J Altern Complement Med. 2020 Oct;26(10):956-965. doi: 10.1089/acm.2019.0334. Epub 2020 Jul 2.

Abstract

Objectives: Fufang Banmao (FFBM) capsule, a type of Chinese medicinal formulation, has decades of history in treating hepatocellular carcinoma (HCC). This retrospective study aimed to observe the effect of FFBM capsules on the 6-month survival of patients with advanced HCC and Vp3-4 portal vein tumor thrombosis (PVTT) who received supportive therapy alone. Design: In total, 320 HCC/Vp3-4 PVTT patients underwent treatment with supportive therapy, of whom 95 took FFBM capsules and were treated with supportive therapy (FFBM group) and 225 received supportive therapy alone (control group). Comparisons of the 6-month overall survival (OS) rate of the two groups were performed. Propensity score matching (PSM) was used to match the characteristics between individuals in the two groups. A nomogram was built based on independent predictive factors for OS. Results: Cox multivariate analysis revealed that hepatic encephalopathy, aspartate transaminase (AST) and γ-glutamyl transpeptidase levels, Child-Pugh class, prothrombin time, α-fetoprotein level, largest tumor diameter, and use of FFBM capsules were independent predictive factors of OS. Variceal bleeding, alanine transaminase, AST, total bilirubin, and Barcelona Clinic for Liver Cancer stage were different at baseline in the FFBM and control groups.
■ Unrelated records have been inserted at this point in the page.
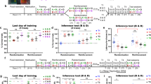 All experiments were performed during the daytime between 10 a.m. and 6 p.m., and each test session lasted for 3 h. For the 2-minute occipital cortex inhibition experiments, in each session, we applied 2-min of light stimulation (pulse duration: 5 ms; pulse interval: 45 ms; 21 trials/session) with a time interval of 5–7 min. For the occipital cortex inhibition experiments, the light power measured at the surface of the skull is 10 mW, which is equivalent to 0.004 mW when delivering light through an optical fiber with a diameter of 200 µm. Each mouse was tested for five sessions (1 session/day). For the 20-min occipital cortex inhibition experiments, we applied 20-min of light stimulation (pulse duration: 5 ms; pulse interval: 45 ms; 5 trials/session) with a time interval of 8–10 min in each session. The light power measured at the surface of the skull is 20 mW, equivalent to 0.008 mW when delivering light through an optical fiber with a diameter of 200 µm. Each mouse was tested for five sessions (1 session/day).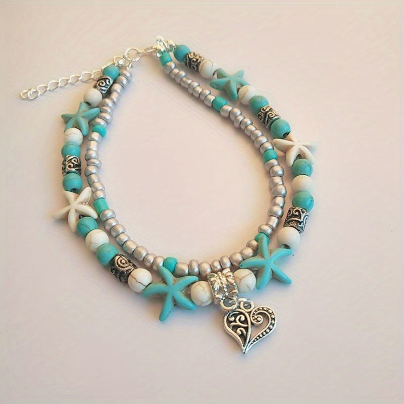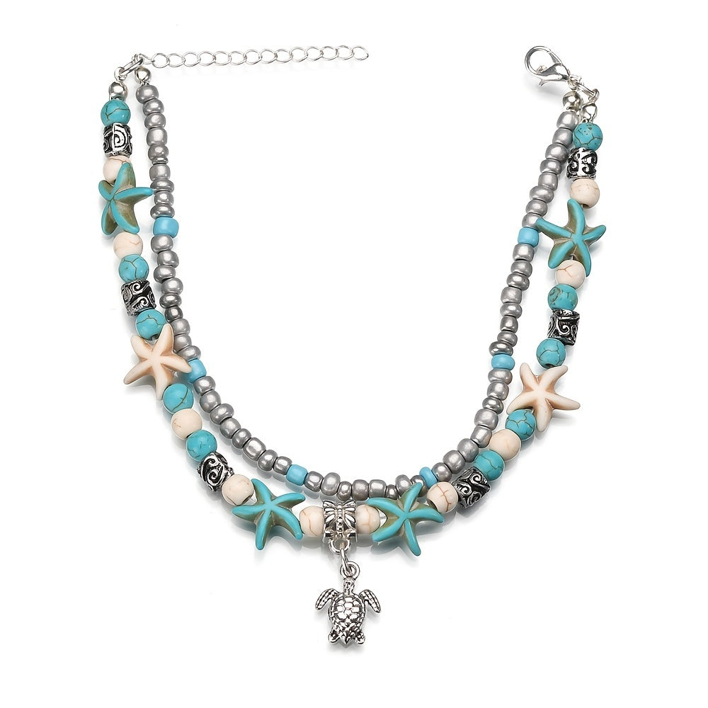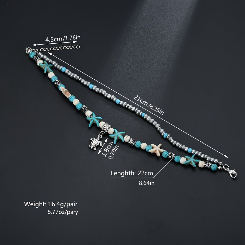 Turtle Shape Pendant Beaded Anklet Shell Foot Jewelry 2 Pcs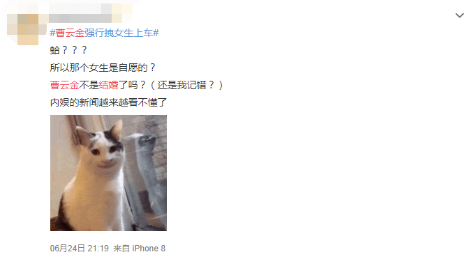 刚看到这儿的时候不少吃瓜网友都忍不住发出了同款疑惑:印象中曹云金不是都结婚了吗?那这是…出轨“又”被拍到了?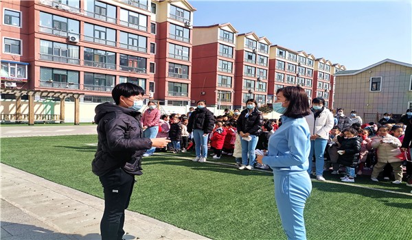 随着警报声响起,消防疏散演练开始了。各班教师迅速按照疏散路线带领幼儿捂住口鼻,弯腰俯身手扶墙壁,快速、有序地撤离到户外空旷场地,教师迅速清点人数,并向总指挥报告。

Analysis revealed no significant adverse effects or toxicities relevant to the medications. After PSM (1:1), 95 patient pairs were analyzed as FFBM versus control. The OS probability was remarkably higher for patients in the FFBM group than in those in the control group at 6 months (p < 0.0001). The median survival time was 4 months in the FFBM group and 2.2 months in the control group. Kaplan-Meier analysis showed significant statistical differences in the 6-month OS rates in the patients with total nomogram scores ≥84 (p < 0.0001). Conclusions: Given the satisfying survival outcomes, the results suggested that FFBM capsules should be administered to patients with HCC/Vp3-4 PVTT in the high-risk group (score ≥84). FFBM capsules have the potential for improving patient survival time in those with advanced HCC and Vp3-4 PVTT who receive supportive therapy alone, especially those in the high-risk group (score ≥84).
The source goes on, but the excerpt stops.